- Born: 23 April 1944 (age 81) Nkurenkuru
- Occupations: Politician, former ambassador to cuba, former mayor of nkurenkuru, former traditional councilor and former special advisor

= Heikki Hausiku Ausiku =

Rev. Heikki Hausiku Ausiku (1944) is a Namibian politician who served as the Ambassador to Cuba (1991–1999). He is a member of South West Africa People's Organisation (SWAPO) party and was a member of the National Assembly of Namibia from 1989 to 1990. He was the former mayor of Nkurenkuru. He also served as a traditional councilor at Kwangali Traditional Authority in 2010. He was appointed as the special advisor to Sirkka Ausiku in 2014.

== Personal life ==
Rev. Heikki Hausiku Ausiku was born on April 23, 1944, in Nkurenkuru, South West Africa (present-day Namibia). Rev. Ausiku was a teacher at Nkurenkuru Lower Primary School in 1966. He married Martha Ngundo Ndara-Ausiku in 1970. He has nine children and 13 grandchildren. In 1973, the Lutheran Church ordained him as a pastor. He worked sporadically as the presiding pastor and associate pastor in three parishes, where he spent a lot of time. During his studies in the US from 1976 to 1979, he was assisting as a part-time pastor at St. James Lutheran Parish in Gettysburg, Pennsylvania.

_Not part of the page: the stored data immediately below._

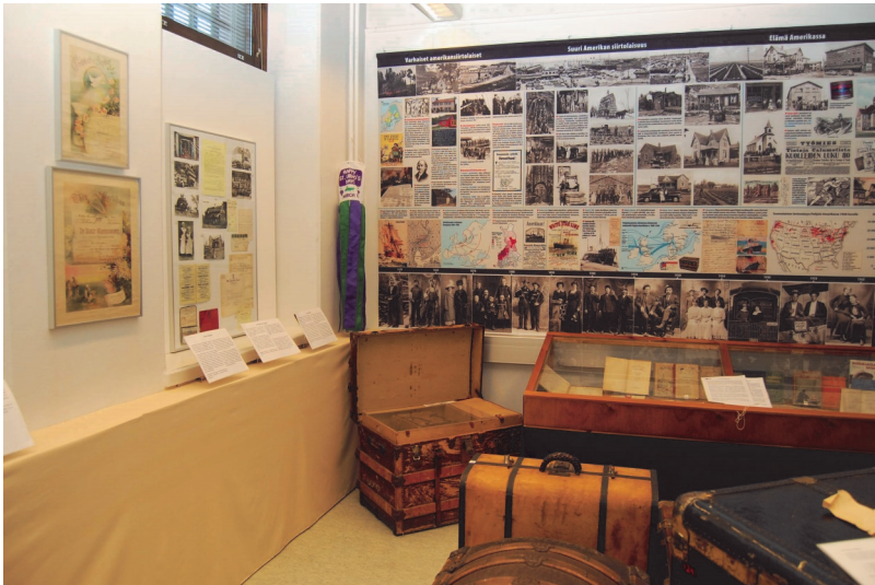
The permanent American exhibit in our Institute.

Our operations are versatile and are continuously expanding. When you come to Turku next time, you are welcome to visit us and see our exhibits. Our coffee pot is always kept warm--as are also Finnish pulla.
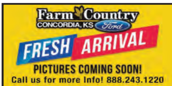
2020 Lincoln Aviator Reserve 1 Year Warranty! $28,995
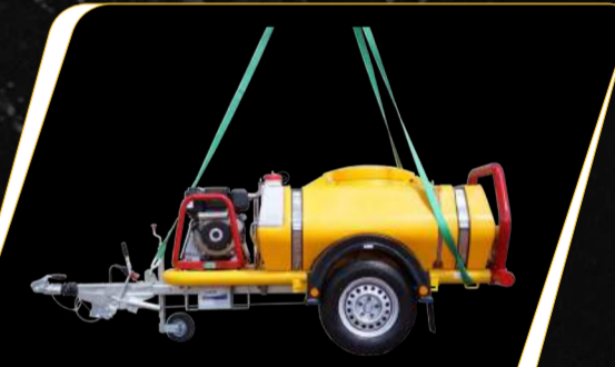
3 Point Lifting Points
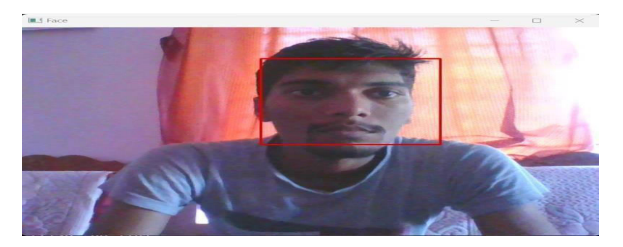
Figure 3: Dataset creator

Figure (a) shows the creating an user account and figure (b) shows how to login into user account.
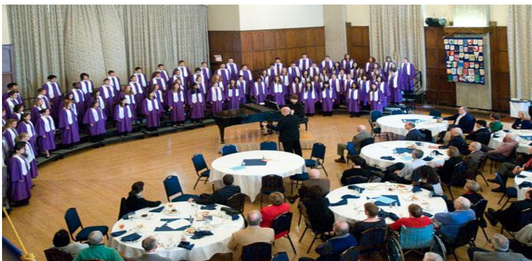
The magnificent Choir
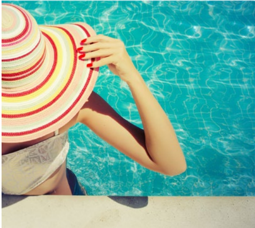
LAGOON SHAPPED POOLS
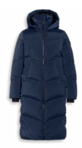
# 5070 MARINE
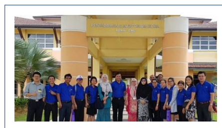
All TPO's therapist visited Rehabilitation Unit of chronic patients at Hospital Permai, Johor Barhu in Malaysia on 6 Dec during TPO Annual Conference 2017.

https://www.facebook.com/coolfmp/videos/1429489627141542/
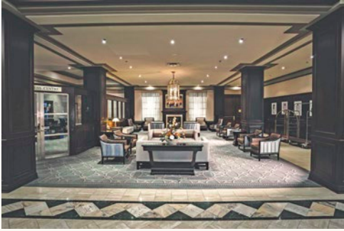
Lord Elgin Hotel | Ottawa
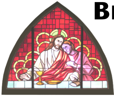
PALM SUNDAY OF THE LORD'S PASSION
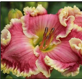
THE BIG PICTURE 29",Tet,7.25",Evr,E,Re PIERCE-G. 2012 $35
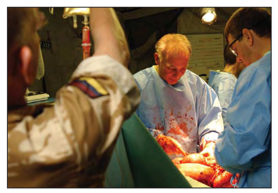
A mass of civilian casualties go through the doors of the 208 Field Hospital in Camp Bastion a suicide bomber had blow himself up in Gereshk injuring many civilians.

Although tracking casualties is not routine to all military forces, it is routine to the British Army, which monitors all the casualties that are treated by its medical personnel in its medical system. This is done for a number of reasons, not least of which is that the use of scarce health care resources and related opportunity costs are a perennial concern to civilian health care managers and Army medical commanders alike. An epidemiological approach to systematically monitor, react and apply capability to where it is most likely required is a well trodden and proven path ever since its first application in 1854. Thus like their civilian counterparts, military health care commanders manage their resources in an evidence-based manner.
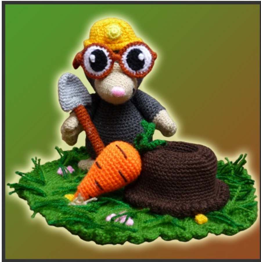
Eugene, The Mole
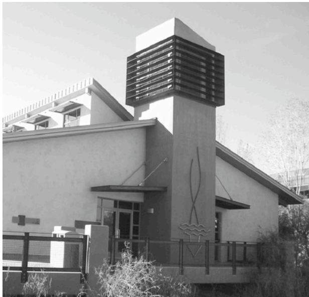
Figure 8: This downdraft cooling tower and pictorial diagram demonstrate a green building strategy and facilitate the visitor's experiential learning.

The built environment at the Desert Living Center facilitates learning primarily with signs, diagrams, and exhibits. Many of these demonstration strategies work to make visitors aware of elements of the built environment to facilitate learning by experience. Note the schematic diagram applied to the side of a cooling tower in Figure 8. The diagram demonstrates the cooling and humidification of air as it passes through the tower. In addition, the tower is located beside the entrance to the building. Visitors see the diagram as they enter the building and immediately experience to cool flow of air coming from the tower.
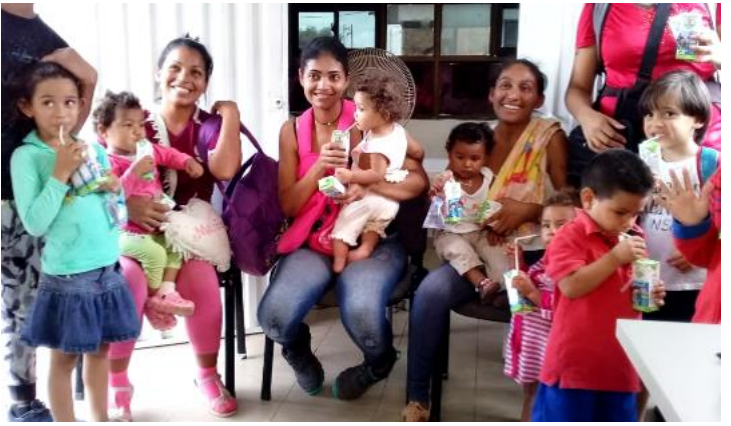
Venezuelans receive orientation and food assistance at an Orientation and Attention Point in Paraguachón, La Guajira.

Colombia, to address the needs and rights of children crossing the border.
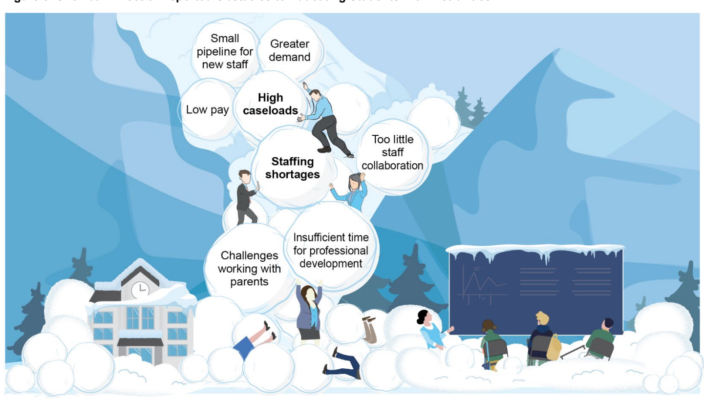
Figure 3: Snowball Effect of Reported Obstacles to Educating Students with Disabilities

Source: GAO analysis of interviews and supporting documentation. GAO (background); stock.adobe.com (icons). | GAO-24-106264
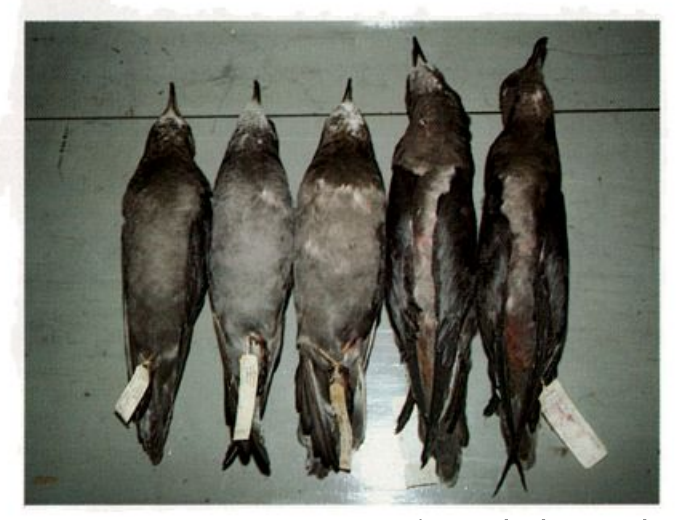
Figure 12. Three Murphy's Petrels and two Solander's Petrels, with both species appearing hooded, AMNH.
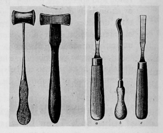
Hammers and Chisels
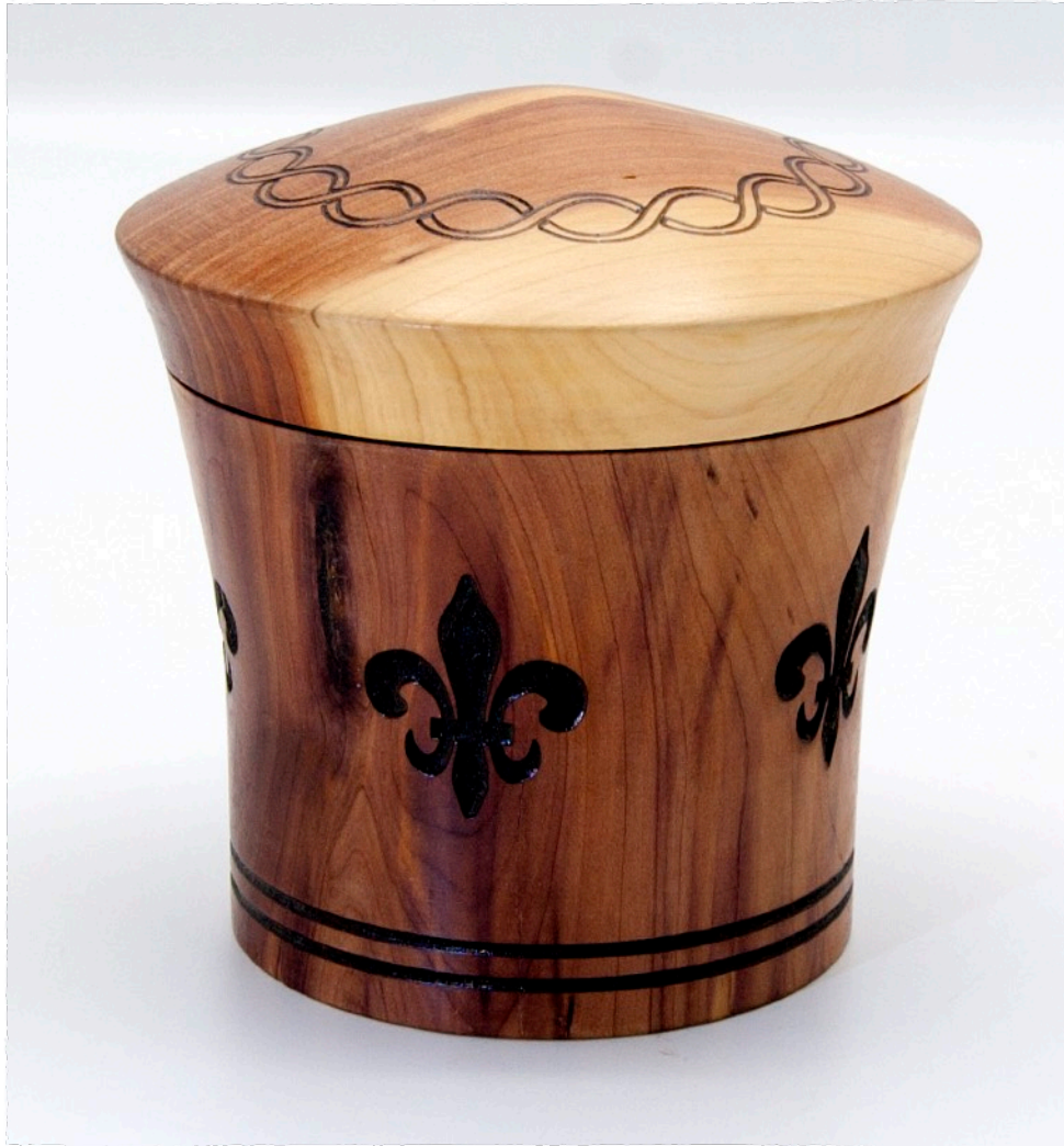
Len Deerkoski box 4" h x 6" dia. Eastern red cedar decorated on LatheEngraver
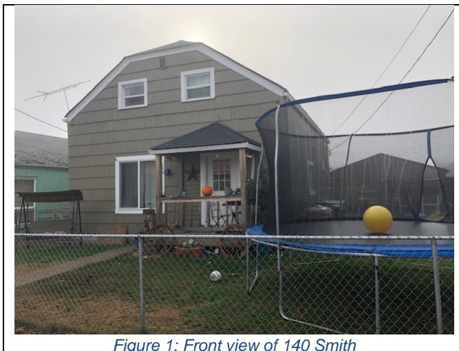
Figure 1: Front view of 140 Smith

Existing electrical service for 140 Smith Street is an aerial service from existing power pole on Smith Street. Cable/telephone is aerial to residence with service box located on west side of building. No electrical changes. Cable/telephone will be converted to underground. Contractor to install necessary cable/telephone facilities per construction plans and franchise utility's design and direction.
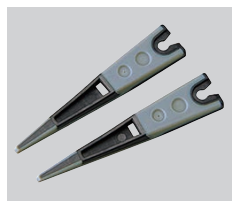
Replacement tip (401-063)
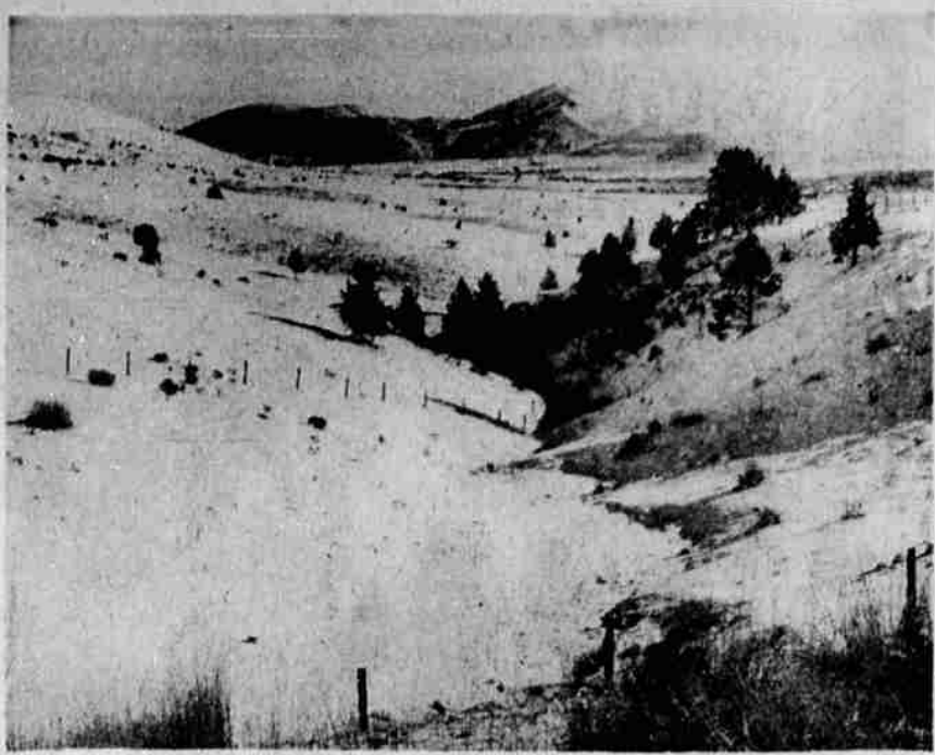
THE VIEW FROM OTI HILL gives one a good look at the south end of the Basin and the many ridges of Stukel Mountain as it rears above the fertile valley.

The tennis sweater has found new uses this year with the whole family wearing the familiar white, red and navy pullover for skiing, hiking and just plain relaxing.

He was also Elcin Church's deputy circuit dean in Rundu Deanery, Kavango Region, from 1980 to 1981. From 1980 to 1990, he was the principal managing director of the Kavango Bible School of Elcin at Nkurenkuru.

== Education ==
He attended the Simanya, Nkurenkuru, Rupara (1958–1965) and Rundu Secondary School from 1967 to 1969. From 1970 to 1973, Lutheran Theological Seminary, Paulinum, Otjimbingue, Namibia. Did a Diploma in Theology (1970–73), Evangelical Lutheran Theological Seminary, Paulinum, Otjimbingwe,  Namibia.

Diploma in Spanish (1997) Centre for Languages and Computers for Foreigners  "Jose Marti" Institute, Havana, Cuba. Certificate in Computer Literacy (1998), Centre for Languages and Computer "Jose Marti" Institute, Havana, Cuba. Diploma in 'Understanding Modern China Program' Foreign Affairs College of China, September and November.

== Political career ==
Rev. Ausiku was detained when the People's Liberation Army of Namibia (PLAN) operations were in the Kavango Region from 1980 until 1983. He was one of the 72 elected delegates that constituted the First Constituent National Assembly of Namibia from 1989 to 1990. He was appointed as a traditional councillor at Kwangali Traditional Authority and was the first mayor of Nkurenkuru from 2006 to 2010. In 2014, President Hifikepunye Pohamba appointed him to serve as Sirkka Ausiku's special advisor.